**WHAT IS BEING ASKED**
Restate the entries below exactly, and keep all images out of the answer.

**SUPPLIED MATERIAL**
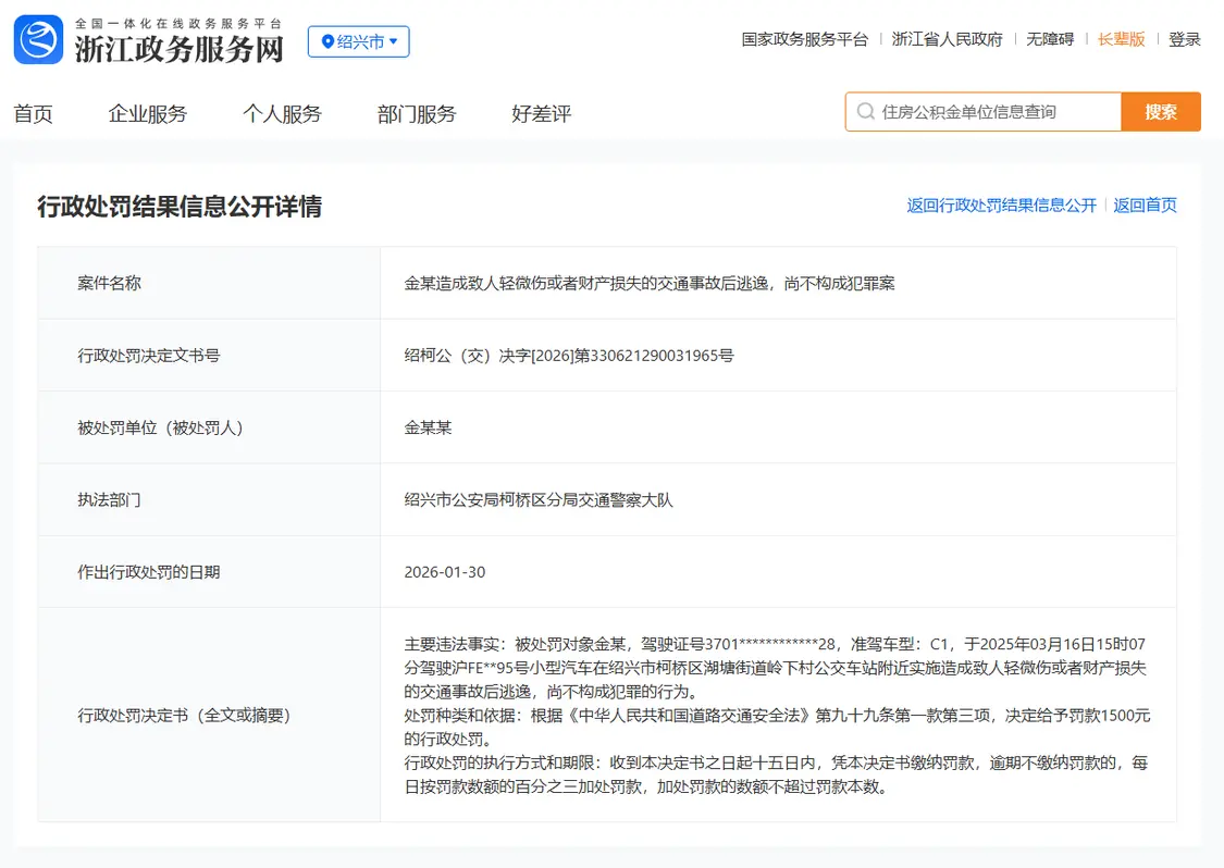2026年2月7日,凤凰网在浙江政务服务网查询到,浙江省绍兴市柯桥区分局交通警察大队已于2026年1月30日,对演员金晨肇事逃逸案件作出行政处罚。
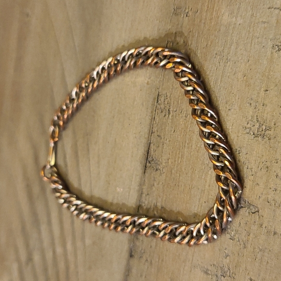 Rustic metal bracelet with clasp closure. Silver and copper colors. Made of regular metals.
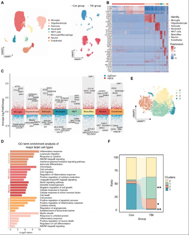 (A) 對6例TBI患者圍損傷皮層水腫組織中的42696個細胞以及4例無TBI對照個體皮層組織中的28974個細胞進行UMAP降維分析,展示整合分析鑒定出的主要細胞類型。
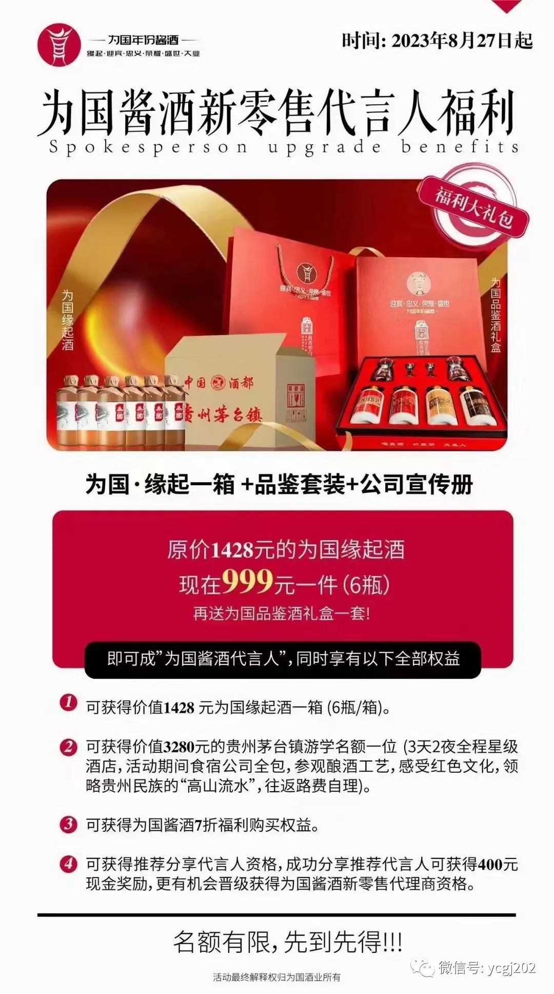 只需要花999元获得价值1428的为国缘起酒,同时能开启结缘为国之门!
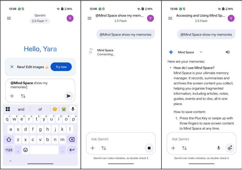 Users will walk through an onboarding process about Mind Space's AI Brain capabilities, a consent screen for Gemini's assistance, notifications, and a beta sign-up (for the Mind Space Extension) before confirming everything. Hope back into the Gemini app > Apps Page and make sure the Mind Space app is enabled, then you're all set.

**ANSWER TO THE EXERCISE**
2026年2月7日,凤凰网在浙江政务服务网查询到,浙江省绍兴市柯桥区分局交通警察大队已于2026年1月30日,对演员金晨肇事逃逸案件作出行政处罚。
 Rustic metal bracelet with clasp closure. Silver and copper colors. Made of regular metals.
 (A) 對6例TBI患者圍損傷皮層水腫組織中的42696個細胞以及4例無TBI對照個體皮層組織中的28974個細胞進行UMAP降維分析,展示整合分析鑒定出的主要細胞類型。
 只需要花999元获得价值1428的为国缘起酒,同时能开启结缘为国之门!
 Users will walk through an onboarding process about Mind Space's AI Brain capabilities, a consent screen for Gemini's assistance, notifications, and a beta sign-up (for the Mind Space Extension) before confirming everything. Hope back into the Gemini app > Apps Page and make sure the Mind Space app is enabled, then you're all set.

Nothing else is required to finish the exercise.